Task prompt: Since the listing below shows pictures, leave them out and write out exactly the lines from the line with "Inspection du châssis" to the line with "Fototapeta premium January", both included, and no others.

- Opening Delimiter -

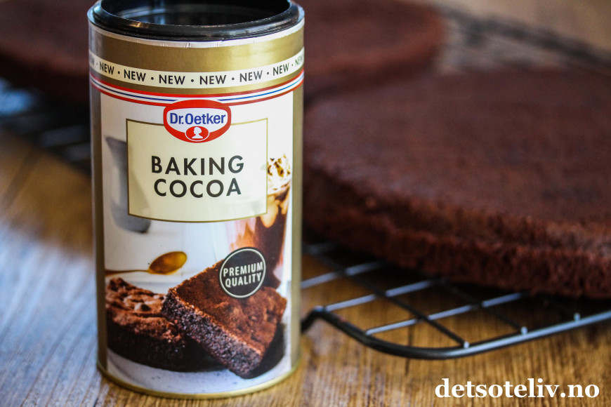 Både kaken og sjokoladekremen lages med gode mengder kakaopulver, og med det nye kakaopulveret til Dr.Oetker, får du en virkelig god og akkurat passe sterk sjokoladesmak på kaken!
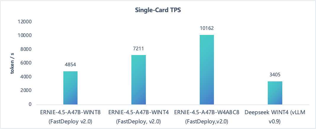 FastDeploy supports weight-only 4-bit inference, enabling deployment with as few as 4 GPUs while maintaining near-lossless accuracy. When deploying ERNIE-4.5-300B-A47B model on a single-GPU, it delivers approximately 23% higher QPS compared to full-weight 8-bit inference, reducing hardware requirements and improving efficiency at the same time. To further optimize MoE quantization, FastDeploy introduces W4A8 quantization along with 8-bit compression for KV cache, resulting in an additional ~40% QPS gain. On a single H800 GPU, the achieved TPS outperforms the 8-GPU vLLM deployment of WINT4 DeepSeek by 198%.
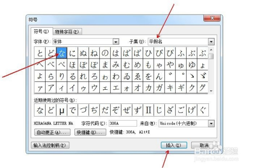 在“子集”中选择“平化名”,并鄙人方选中平化名な,点击“插入”。
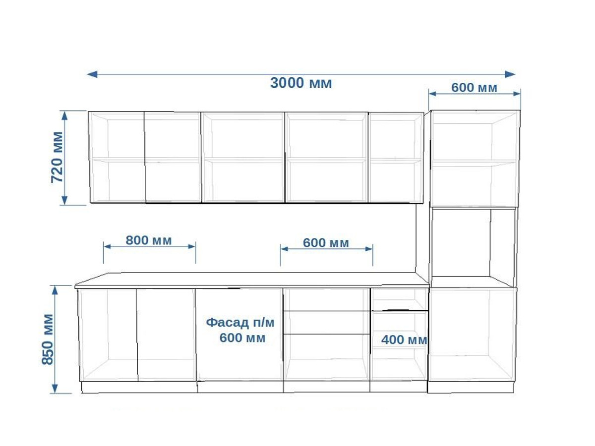 - высота верхних шкафов 720 мм
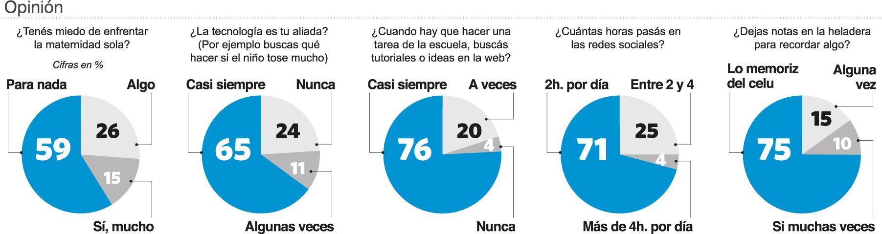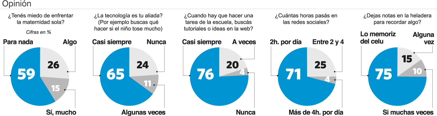 Le encuesta (que fue realizada por la consultora IOPSS para este medio) sacó a la luz esta nueva forma de maternidad que está formada por mujeres con mucho trabajo, que estudian, hacen actividad física y hasta tienen tiempo de salir con amigas. Las mamás de la Generación Y (como también se les dice a la millennials) se dan tiempo para todo y muchas usan la tecnología para sentirse más cerca de sus hijos permanentemente. Algunas aprovechan los recreos laborales para hacer videollamadas a sus pequeños y hasta chequean por internet las notas que sus hijos sacan en las evaluaciones escolares. Del 65% que respondió que la tecnología es su aliada (163 mamás), la mayoría dijo que tiene un sólo hijo. Por otra parte, del 24% que respondió que la tecnología nunca es su aliada la mayoría tiene más de un hijo.
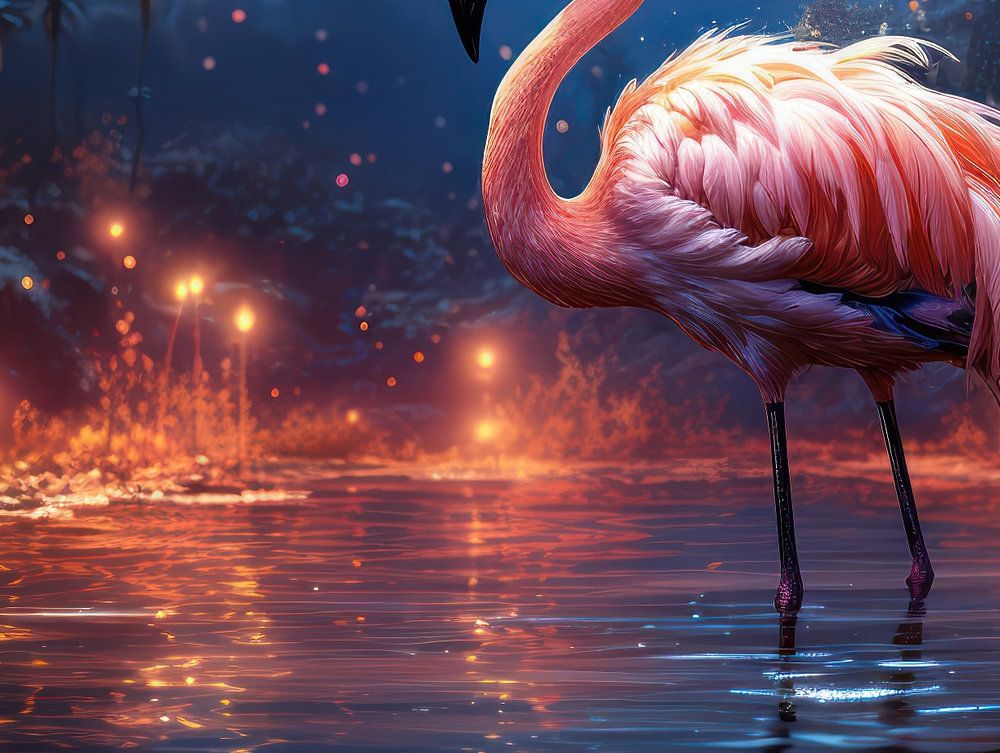This artwork brings the dreamy atmosphere to life with flamingo's standing elegantly in the water, surrounded by brilliant orange sparks. The combination of orange, pink and blue evokes a feeling of carefree summer days. This artwork fits perfectly in an interior with a summery, tropical or vibrant look. The orange sparks add a touch of warmth and passion to the space and bring out the beauty of exotic birds.
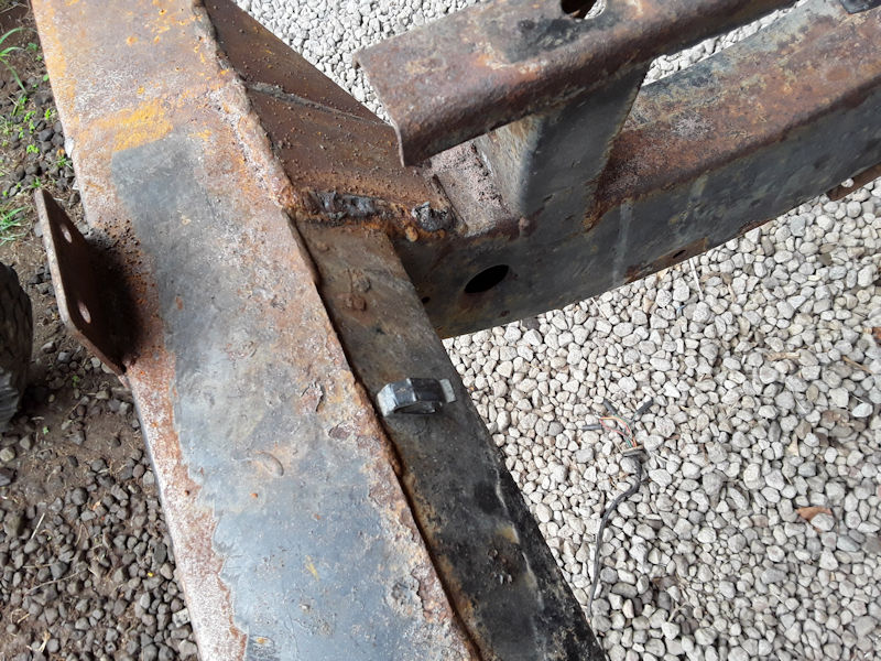 Inspection du châssis : Ce sont surtout les parties avant qui accueillent le highlift qui sont pourries. Encore un formidable nid à eau et à boue sur nos chers LR...
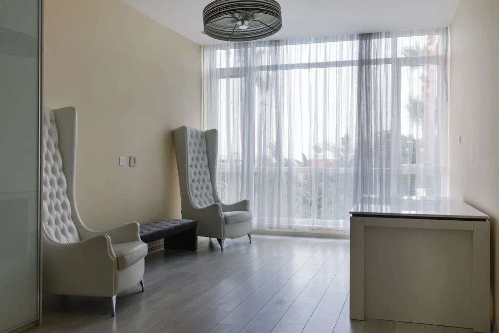 The fully-equipped kitchen is a chef’s dream, featuring high-end appliances, sleek cabinetry, and a breakfast bar. Adjacent to the kitchen, you will find a cozy family room with a spacious sitting area, creating the perfect space for relaxation and intimate gatherings.
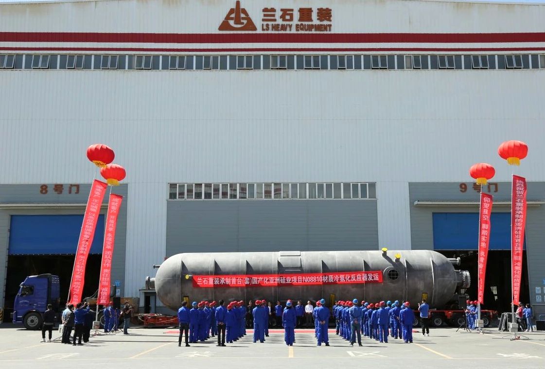 ▲兰石重装公司承制的首台(套)国产化N08810冷氢化反应器完工发运
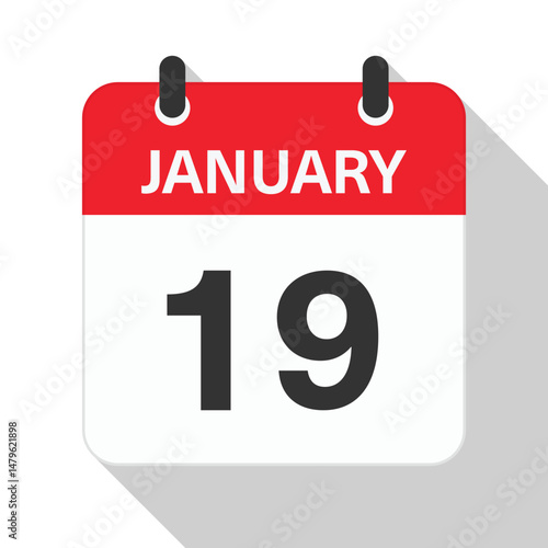 Fototapeta premium January 19 Daily Calendar. Red Theme on White Background
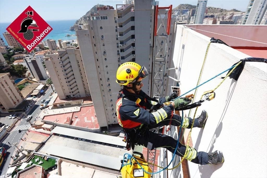 La actividad, en la que han participado una decena de efectivos del Parque de Benidorm, ha estado orientada principalmente a comprobar el estado y el buen funcionamiento de los equipos conocidos como ‘columnas secas’, una conducción que lleva el agua a todas las plantas de un inmueble y que es clave para actuar de forma rápida y segura.
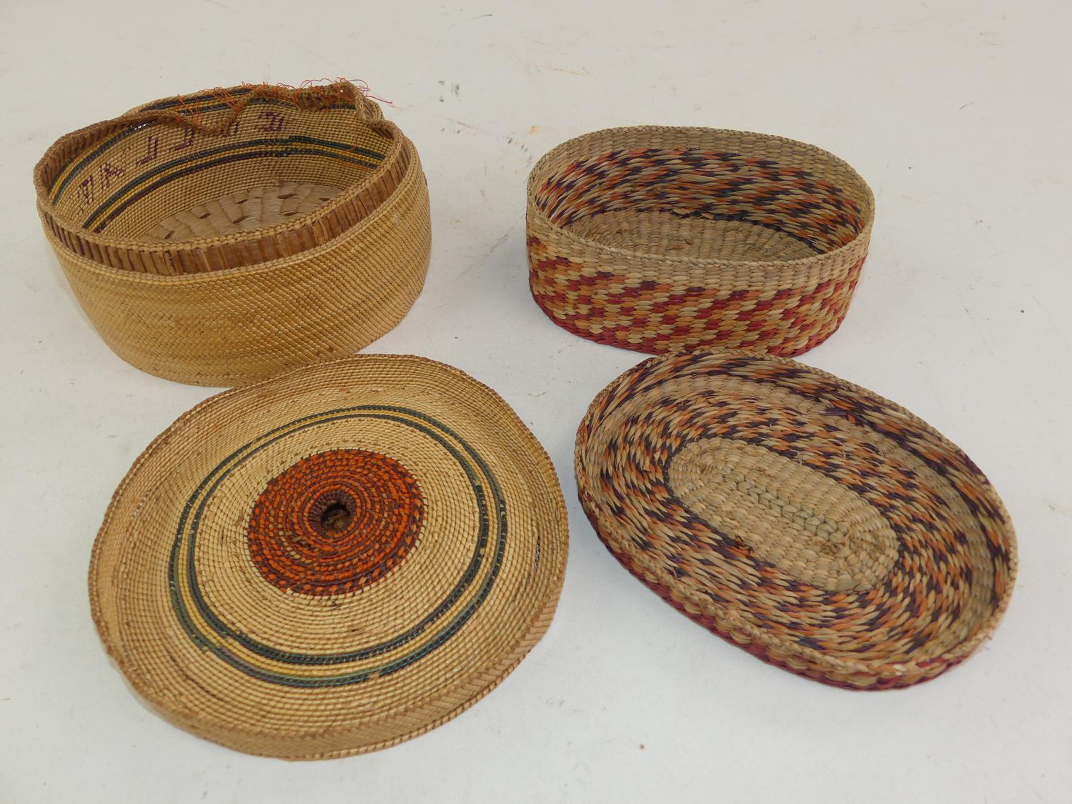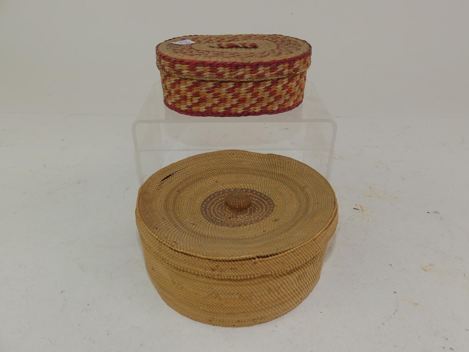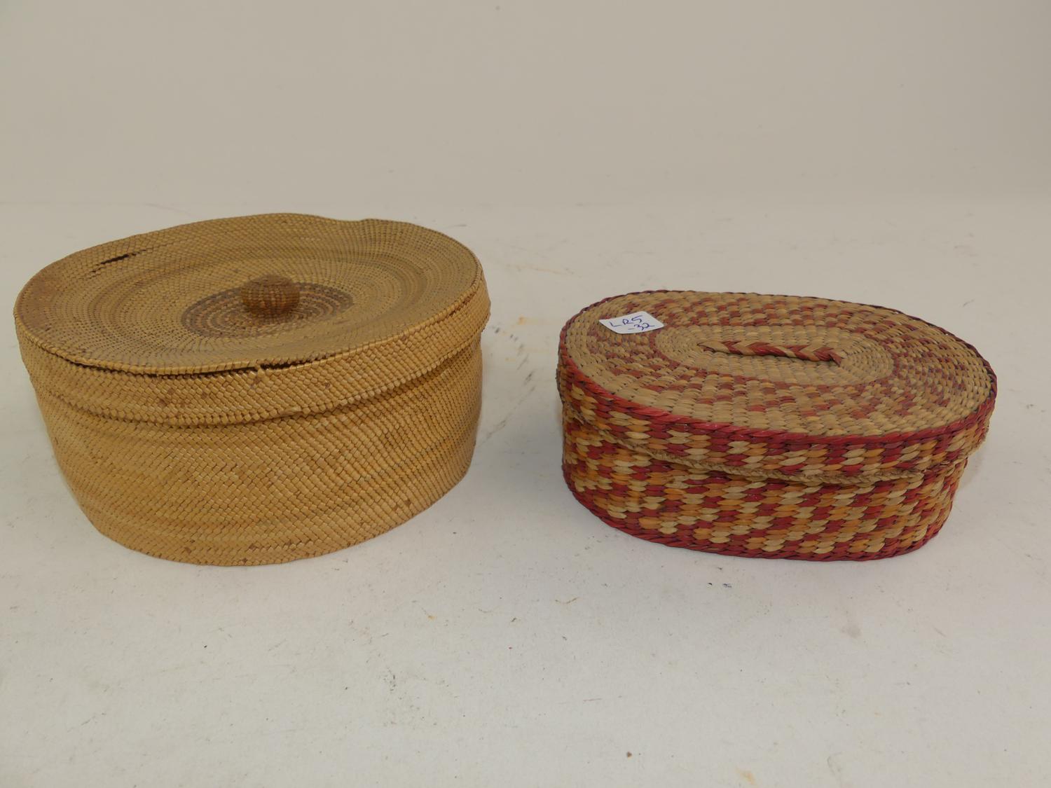 two north west coast native woven covered baskets

- Closing Delimiter -

Answer for the task:
 Inspection du châssis : Ce sont surtout les parties avant qui accueillent le highlift qui sont pourries. Encore un formidable nid à eau et à boue sur nos chers LR...
 The fully-equipped kitchen is a chef’s dream, featuring high-end appliances, sleek cabinetry, and a breakfast bar. Adjacent to the kitchen, you will find a cozy family room with a spacious sitting area, creating the perfect space for relaxation and intimate gatherings.
 ▲兰石重装公司承制的首台(套)国产化N08810冷氢化反应器完工发运
 Fototapeta premium January 19 Daily Calendar. Red Theme on White Background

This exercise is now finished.